» Instructions for the task
Out of the listing below, copy every line that carries the string "more".
BEGIN Given information
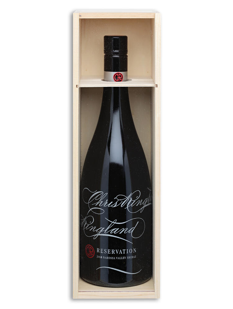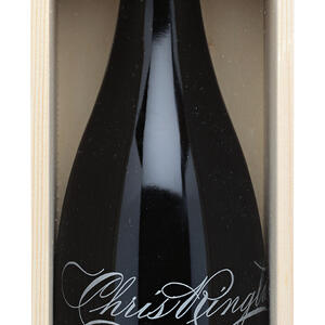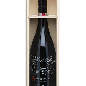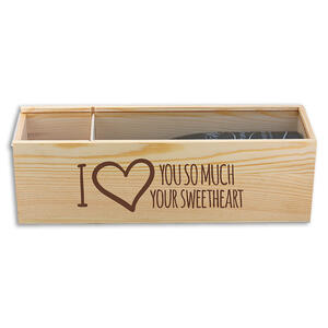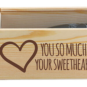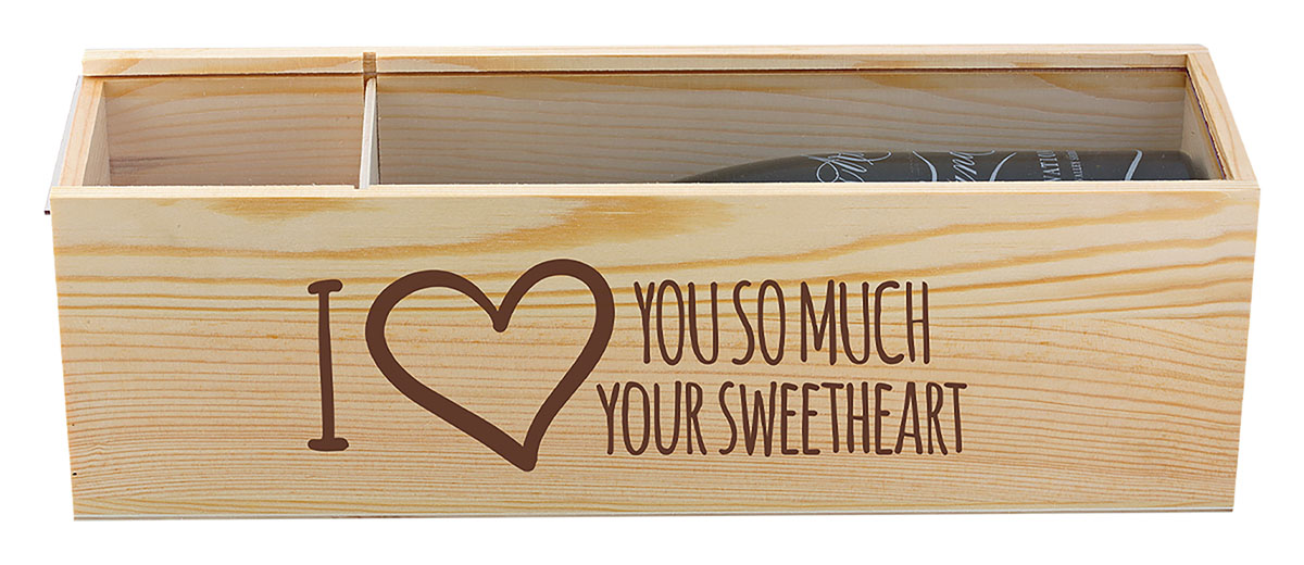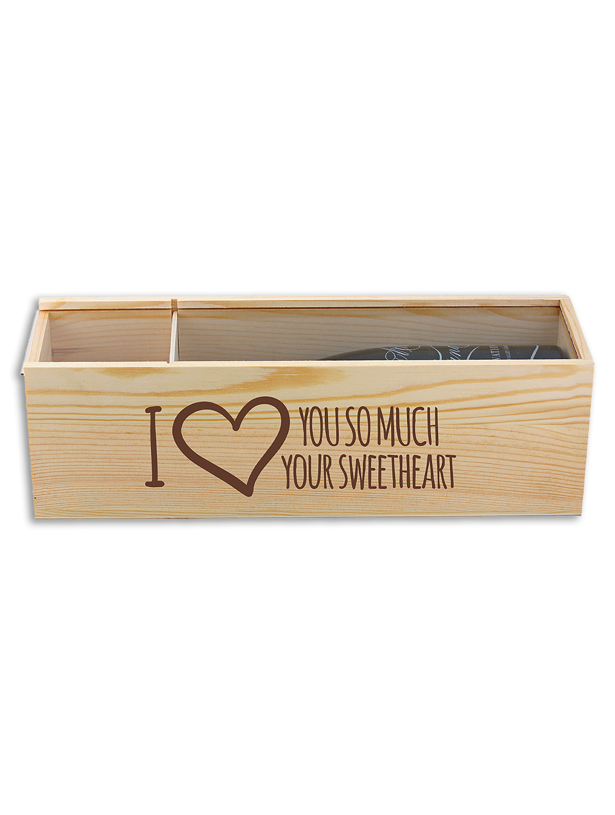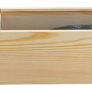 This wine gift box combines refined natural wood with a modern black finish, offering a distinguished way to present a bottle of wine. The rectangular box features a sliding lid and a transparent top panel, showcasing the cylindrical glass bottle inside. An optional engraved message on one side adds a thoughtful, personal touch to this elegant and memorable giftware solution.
END Given information
BEGIN Given information
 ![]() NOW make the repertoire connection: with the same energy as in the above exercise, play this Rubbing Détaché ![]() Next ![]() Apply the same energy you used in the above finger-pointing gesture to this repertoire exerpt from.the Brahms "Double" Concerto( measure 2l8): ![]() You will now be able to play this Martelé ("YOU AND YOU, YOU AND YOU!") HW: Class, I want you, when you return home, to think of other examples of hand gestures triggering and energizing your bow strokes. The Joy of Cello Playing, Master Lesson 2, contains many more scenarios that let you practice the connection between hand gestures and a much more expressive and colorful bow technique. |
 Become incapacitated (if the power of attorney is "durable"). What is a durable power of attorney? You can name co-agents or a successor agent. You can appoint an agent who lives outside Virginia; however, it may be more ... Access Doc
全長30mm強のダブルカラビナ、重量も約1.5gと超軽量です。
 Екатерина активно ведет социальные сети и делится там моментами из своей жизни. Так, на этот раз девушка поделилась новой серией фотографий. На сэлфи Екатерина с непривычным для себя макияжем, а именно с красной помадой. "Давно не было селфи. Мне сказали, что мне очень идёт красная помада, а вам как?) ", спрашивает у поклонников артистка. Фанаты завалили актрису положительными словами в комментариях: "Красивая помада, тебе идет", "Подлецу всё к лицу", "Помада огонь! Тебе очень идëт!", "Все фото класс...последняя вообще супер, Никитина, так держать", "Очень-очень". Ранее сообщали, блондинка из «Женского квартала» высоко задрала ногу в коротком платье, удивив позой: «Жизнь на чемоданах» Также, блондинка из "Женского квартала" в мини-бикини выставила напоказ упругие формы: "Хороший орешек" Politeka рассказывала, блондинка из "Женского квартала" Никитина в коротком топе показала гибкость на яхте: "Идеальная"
END Given information
» Answer for this exercise
 ![]() NOW make the repertoire connection: with the same energy as in the above exercise, play this Rubbing Détaché ![]() Next ![]() Apply the same energy you used in the above finger-pointing gesture to this repertoire exerpt from.the Brahms "Double" Concerto( measure 2l8): ![]() You will now be able to play this Martelé ("YOU AND YOU, YOU AND YOU!") HW: Class, I want you, when you return home, to think of other examples of hand gestures triggering and energizing your bow strokes. The Joy of Cello Playing, Master Lesson 2, contains many more scenarios that let you practice the connection between hand gestures and a much more expressive and colorful bow technique. |
 Become incapacitated (if the power of attorney is "durable"). What is a durable power of attorney? You can name co-agents or a successor agent. You can appoint an agent who lives outside Virginia; however, it may be more ... Access Doc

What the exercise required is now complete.